## [WHAT TO PRODUCE]
Nothing but a verbatim copy of the data, minus the images, should be returned.

PROVIDED RECORDS Block Start

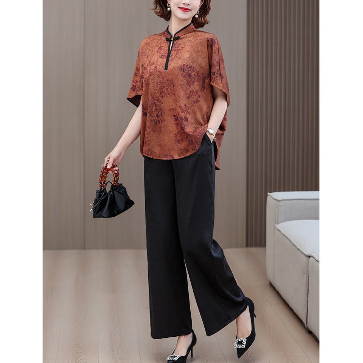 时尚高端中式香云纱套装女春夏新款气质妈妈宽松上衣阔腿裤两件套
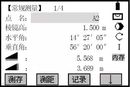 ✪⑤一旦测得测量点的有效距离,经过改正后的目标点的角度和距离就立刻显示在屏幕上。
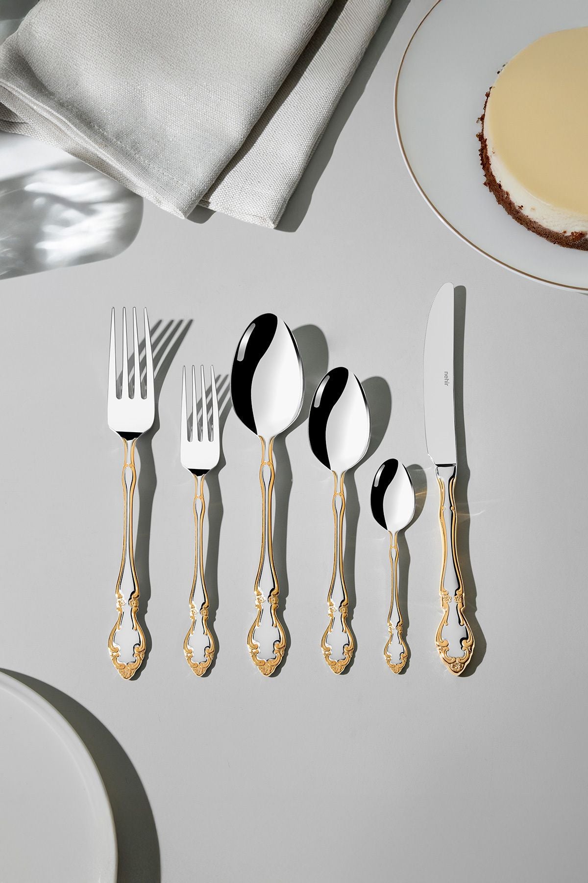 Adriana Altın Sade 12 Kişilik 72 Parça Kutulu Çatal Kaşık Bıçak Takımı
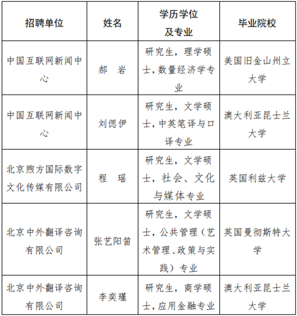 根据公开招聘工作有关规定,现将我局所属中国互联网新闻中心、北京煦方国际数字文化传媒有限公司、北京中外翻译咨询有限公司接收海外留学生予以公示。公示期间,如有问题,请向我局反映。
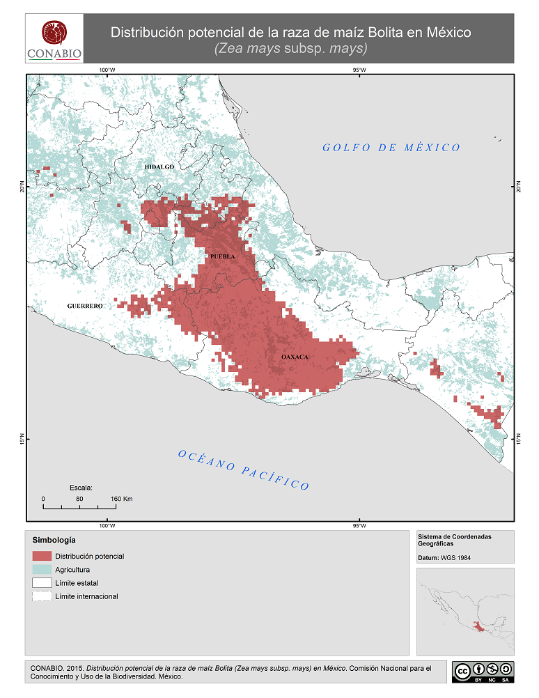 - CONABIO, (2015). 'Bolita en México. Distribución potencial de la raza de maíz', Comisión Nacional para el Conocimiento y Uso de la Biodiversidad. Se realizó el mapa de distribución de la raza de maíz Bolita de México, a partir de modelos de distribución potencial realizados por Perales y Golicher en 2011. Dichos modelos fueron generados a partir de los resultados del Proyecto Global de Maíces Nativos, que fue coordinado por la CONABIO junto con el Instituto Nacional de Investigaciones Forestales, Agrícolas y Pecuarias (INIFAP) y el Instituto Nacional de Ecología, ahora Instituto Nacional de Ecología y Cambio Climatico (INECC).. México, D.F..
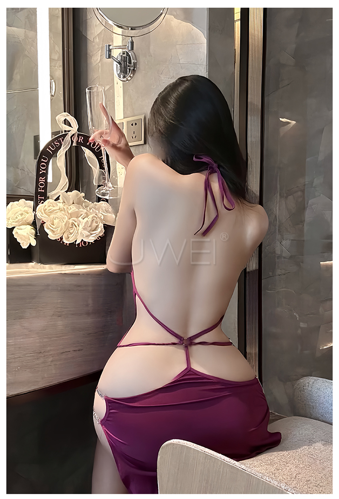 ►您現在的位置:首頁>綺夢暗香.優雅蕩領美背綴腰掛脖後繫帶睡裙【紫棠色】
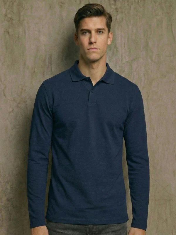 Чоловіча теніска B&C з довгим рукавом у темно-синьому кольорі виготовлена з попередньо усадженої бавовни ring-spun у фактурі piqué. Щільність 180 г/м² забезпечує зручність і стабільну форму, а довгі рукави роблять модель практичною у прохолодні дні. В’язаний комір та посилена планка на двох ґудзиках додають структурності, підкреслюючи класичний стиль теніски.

PROVIDED RECORDS Block End

## [YOUR SOLUTION]
 时尚高端中式香云纱套装女春夏新款气质妈妈宽松上衣阔腿裤两件套
 ✪⑤一旦测得测量点的有效距离,经过改正后的目标点的角度和距离就立刻显示在屏幕上。
 Adriana Altın Sade 12 Kişilik 72 Parça Kutulu Çatal Kaşık Bıçak Takımı
 根据公开招聘工作有关规定,现将我局所属中国互联网新闻中心、北京煦方国际数字文化传媒有限公司、北京中外翻译咨询有限公司接收海外留学生予以公示。公示期间,如有问题,请向我局反映。
 - CONABIO, (2015). 'Bolita en México. Distribución potencial de la raza de maíz', Comisión Nacional para el Conocimiento y Uso de la Biodiversidad. Se realizó el mapa de distribución de la raza de maíz Bolita de México, a partir de modelos de distribución potencial realizados por Perales y Golicher en 2011. Dichos modelos fueron generados a partir de los resultados del Proyecto Global de Maíces Nativos, que fue coordinado por la CONABIO junto con el Instituto Nacional de Investigaciones Forestales, Agrícolas y Pecuarias (INIFAP) y el Instituto Nacional de Ecología, ahora Instituto Nacional de Ecología y Cambio Climatico (INECC).. México, D.F..
 ►您現在的位置:首頁>綺夢暗香.優雅蕩領美背綴腰掛脖後繫帶睡裙【紫棠色】
 Чоловіча теніска B&C з довгим рукавом у темно-синьому кольорі виготовлена з попередньо усадженої бавовни ring-spun у фактурі piqué. Щільність 180 г/м² забезпечує зручність і стабільну форму, а довгі рукави роблять модель практичною у прохолодні дні. В’язаний комір та посилена планка на двох ґудзиках додають структурності, підкреслюючи класичний стиль теніски.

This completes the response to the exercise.